Write your research paper the right way with these tips

Editor’s Note: The author, Jennifer Mensik, does not endorse, recommend or promote any program, product or service advertised or referenced on this website, or that appears in links to or from this website.

Did you go back to school? Congratulations on making a great decision.

Either you go through the research paper writing part with flying colors, or you wonder why you are letting someone convince you to go back to school.

As you progress through your RN-to-BSN program or graduate school, you will write a lot. Writing isn’t easy for everyone, and honestly, after five books and many articles, I’m having a bad week writing too.

Some days I can write an essay or an article in a matter of hours. Other times I need two months of procrastination. There is no quick fix for me except maybe a deadline.

Outside of my professional writing, as a faculty member, I see the other side. I can tell you what bothers me and my fellow professors, and what makes us happy when it comes to grading research articles.

But you might not have weeks to hone your writing skills. You might need some help right away, so you can finish this document this week! Here are some tips that can help you.

Be sure to follow the topic

The first step to getting an “A” is to follow the rubric. A section serves as a guide you should use this when planning your research paper. Professors, like me, use the rubric to rate the quality of your written responses according to specific evaluation criteria.

The rubric is what you will be graded against. Do not stray from it. Read the section. Seriously, read it. Occasionally, I read an article and wondered one of two things:

  1. Has the student even looked at the rubric?
  2. Did anyone else write this research paper?

Don’t make us think that for a second. Once we think about it, we’ll read your research paper even more critically. At this point, I’m preparing for the worst-case scenario. If you were unable to keep up with the column, did you read the article or book or did you do the appropriate research to write this article? Are you trying to cover my face and pretend you know what you’re talking about?

Visualize your teacher sitting down to grade your article with one screen open on your article and another screen open on the topic. I scroll through my column while reading your article. But your article does not follow the topic.

Faculty members spent hours creating this column for one purpose: to make grading easier and to make it easier to understand what we wanted you to write about. Follow the topic and do not deviate from it without permission.

What is the difference between grammar and style?

Grammar is seen as the structural foundation of writing and the rules of language, or how to make sense of a sentence. Grammar are rules related to the structure of sentences such as: a singular subject needs a singular predicate and must express a complete thought.

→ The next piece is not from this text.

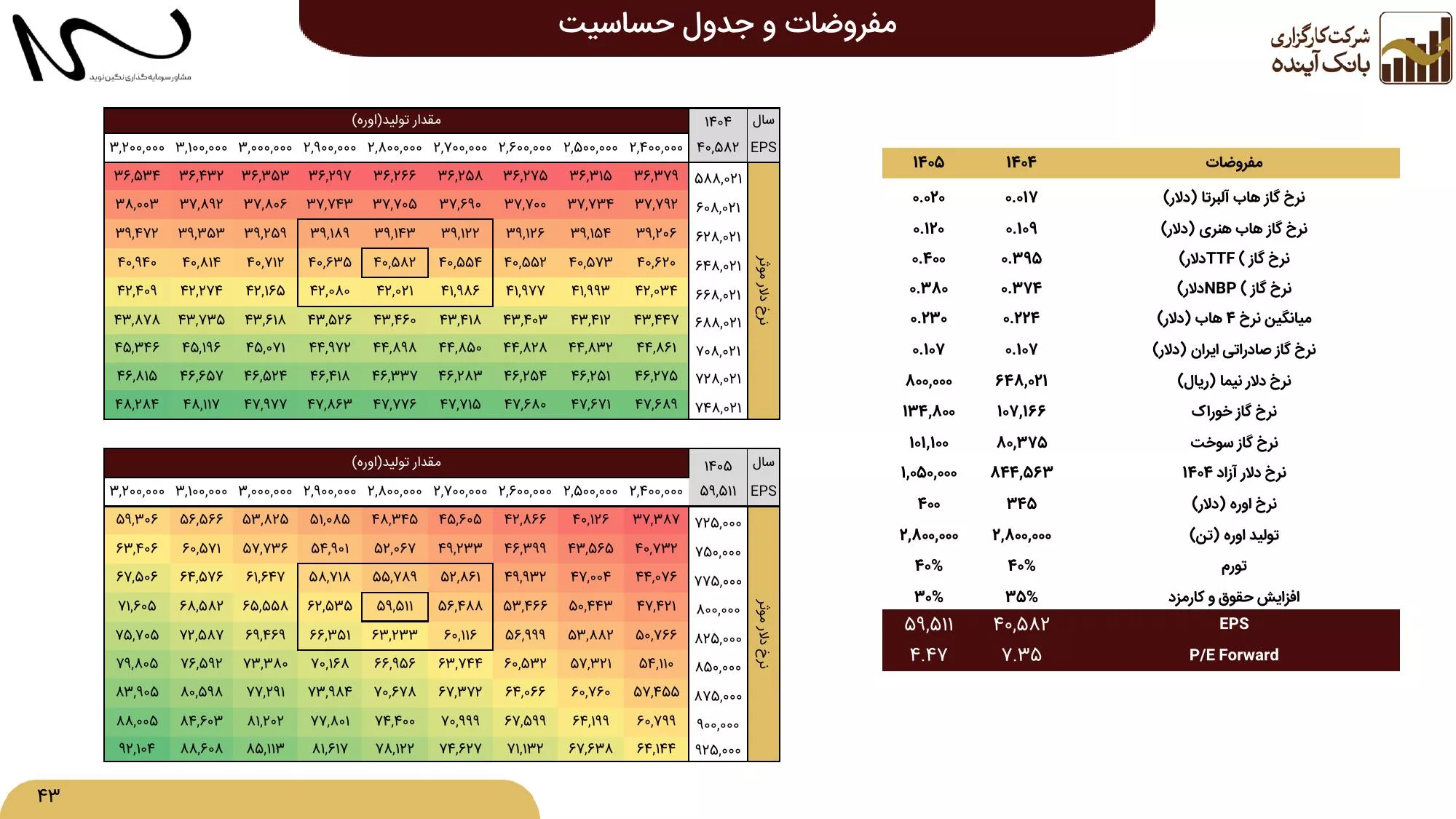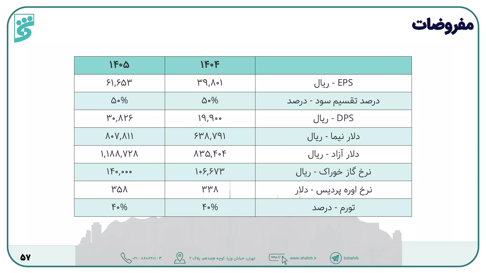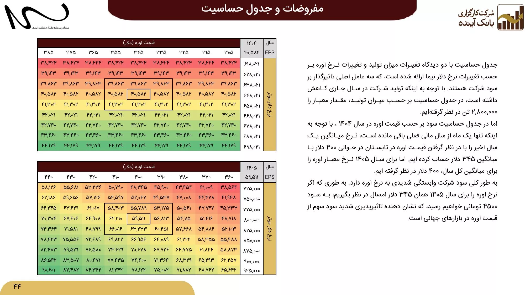 🔘در پیشبینی سال مالی منتهی به ۱۴۰۵، با مفروضات کاهش تولید به ۲.۵ میلیون تن، نرخ گاز خوراک ۱۶.۵ سنت، نرخ اوره صادراتی ۳۵۰ دلار به ازای هر تن و نرخ دلار نیما ۸۳ هزار ریال، انتظار میرود محدودیتهای تأمین گاز خوراک در فصول سرد اثر محسوسی بر فروش و سودآوری بگذارد.

Style is a gray area in grammar and its use. Style is more of a set of preferences that are not syntactic rules. An often cited style example is: Don’t use contractions, avoid a passive voice, and never end a sentence with a preposition.

I shouldn’t have to say it, but textual jargon is never appropriate for a professional journal. Also note that conversational English is different from written English. In other words, the way you can say something to someone isn’t always the way you would write it.

Also, when writing, be clear about the name. Often times I see “they” or “their” being used too frequently. You may know who “they” are, but it is better to say “the nurses”, for example, to communicate as clearly as possible. Use words that best tell the reader the most specific information possible, even if you say “nurses” five times in the same paragraph. Leave no room for questioning what you mean.

The formats facilitate the circulation of your research documents

Then there is the formatting, including APA or MLA. Nothing makes me cringe more than opening a research paper that‘s longer than two pages and not seeing any headers.

Headers are the first visual clue to me that you’ve followed the topic. The headers of your article should be pulled from the topic to make it clear to the faculty member who noted that you have followed it.

Headers also help me find where things should be in your paper. i always used APA format, so I talk about it in this blog. If your research paper has two pages, use at least a level one heading, and if it is three or more pages, consider using both level one and two headings. Of course, refer to the scoring topic for APA or other format. But use at least one level of headers!

Using headers also helps you describe your paper. If you get Writer’s Block, start by putting headers in your paper and “filling in” the blanks. I don’t always write from start to finish. Sometimes I start in the middle, then go to the end, then to the beginning.

If you know what you want to write, start with this piece and fill in the rest around. Always read it from start to finish to make sure it flows. Read it aloud. Microsoft Word has a new feature where it will read your document to you.

Another great tip: don’t delete anything permanently. In the longer documents, I create a second document where I put pieces that I cut out of what I’m working on. That way, if I really want to get it back into a document, I still have it. This is especially useful if it took 30 minutes to write that beautiful sentence which no longer has a place anywhere.

Read your APA book. This book also contains very useful information on grammar and style. Other resources to help with writing include Style elements and blogs and podcasts from Grammar Girl.

I keep the above resources on my desk to help me with my writing. Every time I have an effect and an effect, I stop and talk about it! Some things are not so easy for my brain to remember.

No one is perfect, but that doesn’t stop me from writing. Whether you want to become a professional writer or just want to finish your program, these tips will help you move forward.